Record set -

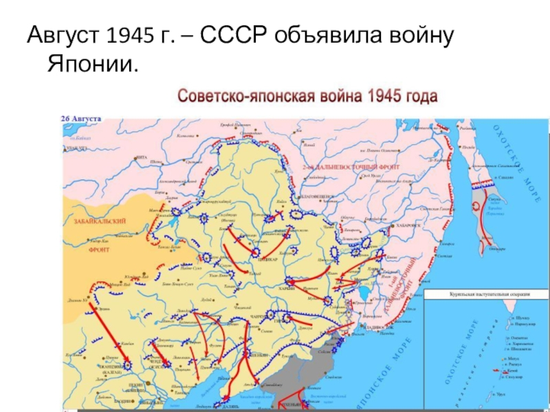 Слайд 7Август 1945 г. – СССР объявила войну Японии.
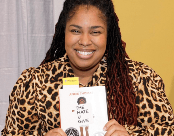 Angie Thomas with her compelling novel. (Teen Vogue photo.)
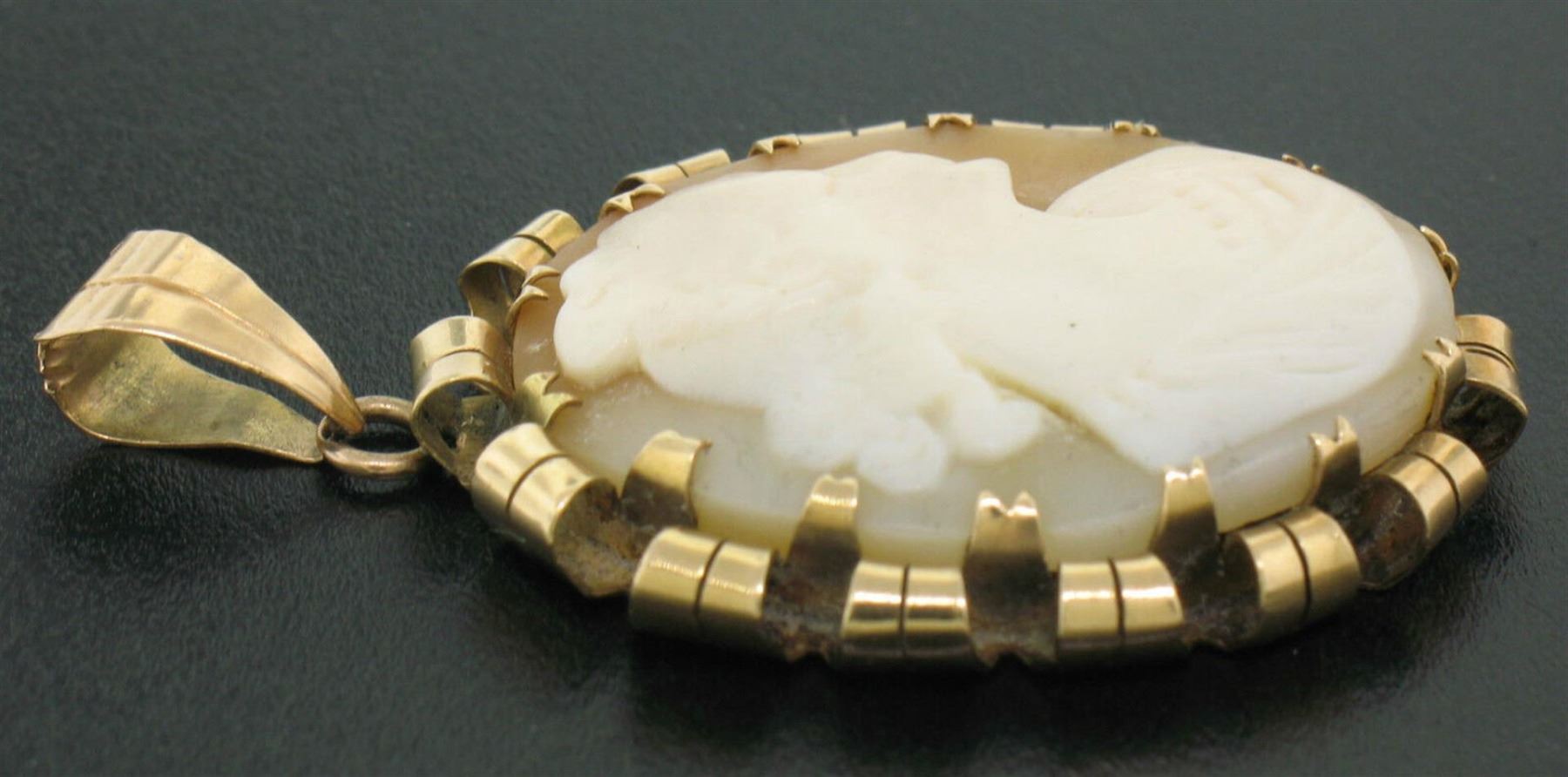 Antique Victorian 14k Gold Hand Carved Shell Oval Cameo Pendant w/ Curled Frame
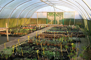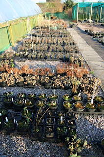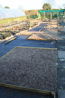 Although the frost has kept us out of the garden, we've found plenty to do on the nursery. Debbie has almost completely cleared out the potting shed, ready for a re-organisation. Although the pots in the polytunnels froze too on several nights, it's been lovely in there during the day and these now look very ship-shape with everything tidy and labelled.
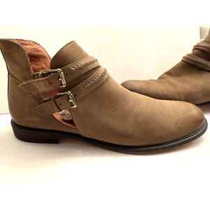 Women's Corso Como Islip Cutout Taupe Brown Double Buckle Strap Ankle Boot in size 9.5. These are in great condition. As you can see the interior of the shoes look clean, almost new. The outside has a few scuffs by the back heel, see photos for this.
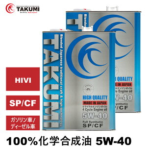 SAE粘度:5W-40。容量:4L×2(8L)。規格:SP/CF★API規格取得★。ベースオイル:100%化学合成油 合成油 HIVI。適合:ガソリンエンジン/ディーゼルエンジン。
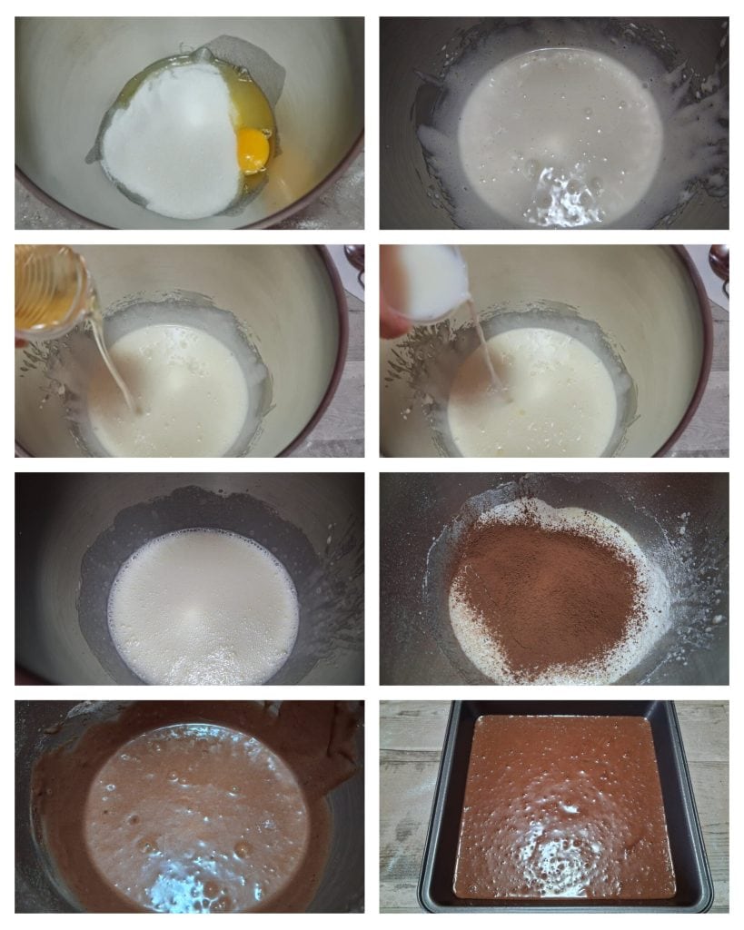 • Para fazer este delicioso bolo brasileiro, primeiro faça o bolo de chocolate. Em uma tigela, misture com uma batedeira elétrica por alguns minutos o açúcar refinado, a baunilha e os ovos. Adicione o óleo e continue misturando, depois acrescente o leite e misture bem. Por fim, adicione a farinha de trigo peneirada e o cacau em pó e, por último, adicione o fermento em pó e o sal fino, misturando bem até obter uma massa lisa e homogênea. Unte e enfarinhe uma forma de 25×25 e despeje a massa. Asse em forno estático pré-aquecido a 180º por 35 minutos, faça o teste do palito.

==

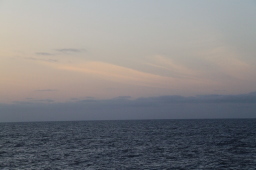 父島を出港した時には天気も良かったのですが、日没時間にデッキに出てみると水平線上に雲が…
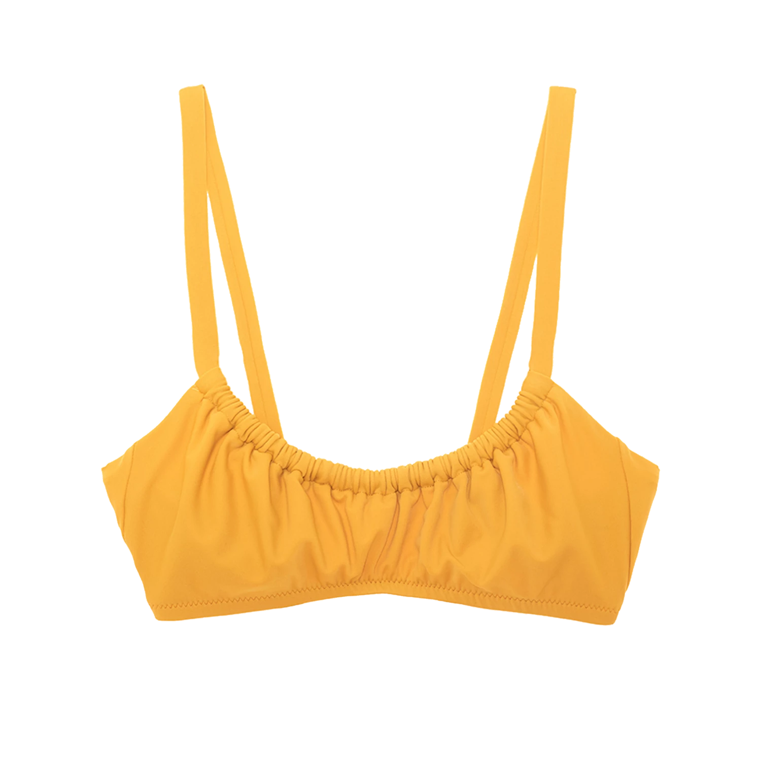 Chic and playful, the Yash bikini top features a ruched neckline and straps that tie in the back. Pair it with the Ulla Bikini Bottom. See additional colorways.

What needs to be done - An exact transcription is needed of the lines from the one with "Women's Corso Como" to the one with "teste do palito." above, both ends included, with pictures left out.

Solution for this exercise -
 Women's Corso Como Islip Cutout Taupe Brown Double Buckle Strap Ankle Boot in size 9.5. These are in great condition. As you can see the interior of the shoes look clean, almost new. The outside has a few scuffs by the back heel, see photos for this.
 SAE粘度:5W-40。容量:4L×2(8L)。規格:SP/CF★API規格取得★。ベースオイル:100%化学合成油 合成油 HIVI。適合:ガソリンエンジン/ディーゼルエンジン。
 • Para fazer este delicioso bolo brasileiro, primeiro faça o bolo de chocolate. Em uma tigela, misture com uma batedeira elétrica por alguns minutos o açúcar refinado, a baunilha e os ovos. Adicione o óleo e continue misturando, depois acrescente o leite e misture bem. Por fim, adicione a farinha de trigo peneirada e o cacau em pó e, por último, adicione o fermento em pó e o sal fino, misturando bem até obter uma massa lisa e homogênea. Unte e enfarinhe uma forma de 25×25 e despeje a massa. Asse em forno estático pré-aquecido a 180º por 35 minutos, faça o teste do palito.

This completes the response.